Here at Google we’ve observed the impact of a lack of jitter in our own services. We once built a system where clients started off polling at random times but we later observed that they had a strong tendency to become more synchronized during short service outages or degraded operation.
Eventually we saw very uneven load across a poll interval — with most clients polling the service at the same time — resulting in peak load that was easily 3X the average. Here’s a graph from the postmortem from an outage in the aforementioned system. In this case the clients were polling at a fixed 5-minute interval, but over many months became synchronized:
Observe how the traffic (red) comes in periodic spikes, correlating with 2x the average backend latency (green) as the servers become overloaded. That was a sure sign that we needed to employ jitter. This monitoring view is also significantly under-counting the traffic peaks because of its sample interval. Once we added a random factor of +/- 1 minute (20%) to each retry the latency, traffic flattened out almost immediately, with the periodicity disappearing:
and the backends were no longer overloaded. Of course, we couldn’t do this immediately — we had to build and push a new code release to our clients with this new behavior, so we had to live with this overload for a while.
At this point, we should also point out that in the real world, usage is almost never evenly distributed — even when the users are. Nearly all systems of any scale experience peaks and troughs corresponding with the work and sleep habits of their users. Lots of people simply turn off their phones or computers when they go to sleep. That means that you’ll see a spike in traffic as those devices come back online when people wake up.
For this reason it’s also a really good idea to add a little jitter (perhaps 10%) to regular sync intervals, in addition to your retries. This is especially important for first syncs after an application starts. This will help to smooth out daily cyclical traffic spikes and keep systems from becoming overloaded.
#3 Implement retry marking
A large fleet of backends doesn’t recover from an outage all at once. That means that as a system begins to come back online, its overall capacity ramps up slowly. You don’t want to jeopardize that recovery by trying to serve all of your waiting clients at once. Even if you implement both exponential backoff and jitter you still need to prioritize your requests as you heal.

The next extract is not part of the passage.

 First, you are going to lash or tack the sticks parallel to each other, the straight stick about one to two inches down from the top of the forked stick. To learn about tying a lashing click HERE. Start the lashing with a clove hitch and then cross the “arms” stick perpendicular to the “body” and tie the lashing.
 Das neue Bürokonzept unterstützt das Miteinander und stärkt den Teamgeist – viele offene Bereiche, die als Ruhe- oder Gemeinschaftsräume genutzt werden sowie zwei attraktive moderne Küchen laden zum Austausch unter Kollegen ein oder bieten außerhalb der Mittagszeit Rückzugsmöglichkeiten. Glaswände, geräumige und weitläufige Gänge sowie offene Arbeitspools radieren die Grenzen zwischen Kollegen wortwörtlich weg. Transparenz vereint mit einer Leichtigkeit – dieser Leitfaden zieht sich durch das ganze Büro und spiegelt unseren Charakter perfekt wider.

An easy and effective technique to do this is to have your clients mark each attempt with a retry number. A value of zero means that the request is a regular sync. A value of one indicates the first retry and so on. With this in place, the backends can prioritize which requests to service and which to ignore as things get back to normal. For example, you might decide that higher retry numbers indicate users who are further out-of-sync and service them first. Another approach is to cap the overall retry load to a fixed percentage, say 10%, and service all the regular syncs and only 10% of the retries.

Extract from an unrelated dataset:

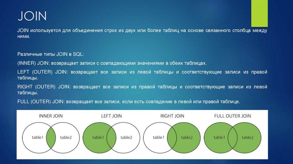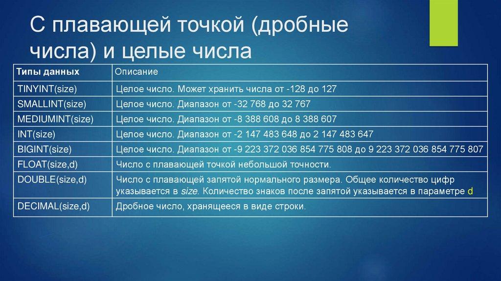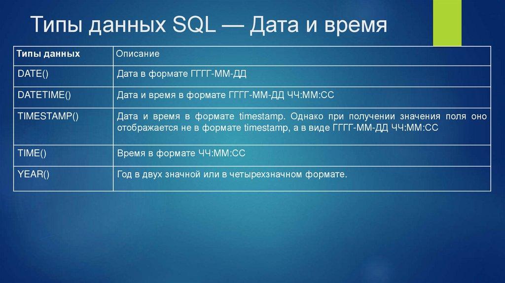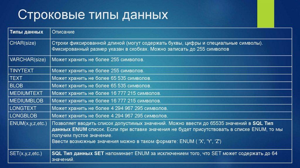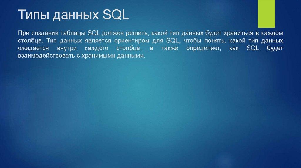 столбце. Тип данных является ориентиром для SQL, чтобы понять, какой тип данных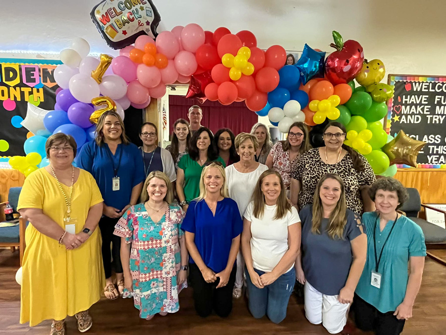 Thursday is the first day of school in Escambia County. Drivers are reminded to use extra caution in school zones and be aware of school buses back on the roadways. Pictured: Teachers and staff at Byrneville Elementary School ready ready to welcome students back to class. Photo for NorthEscambia.com, click to enlarge.

How you choose to handle retries is entirely up to your business needs. The important thing is that by marking them you have the ability to make intelligent decisions as a service recovers.
You can also monitor the health of your recovery by watching the retry number metrics. If you’re recovering from a six-minute outage, you might see that the oldest retries have a retry sequence number of 3. As you recover, you would expect to see the number of 3s drop sharply, followed by the 2s, and so on. If you don’t see that (or see the retry sequence numbers increase), you know you still have a problem. This would not be obvious by simply watching the overall number of retries.
Parting thoughts
Managing system load and gracefully recovering from errors is a deep topic. Stay tuned for upcoming posts about important subjects like cascading failures and load shedding. In the meantime, if you adopt the techniques in this article you can help keep your one minute network blip from turning into a much longer DDoS disaster.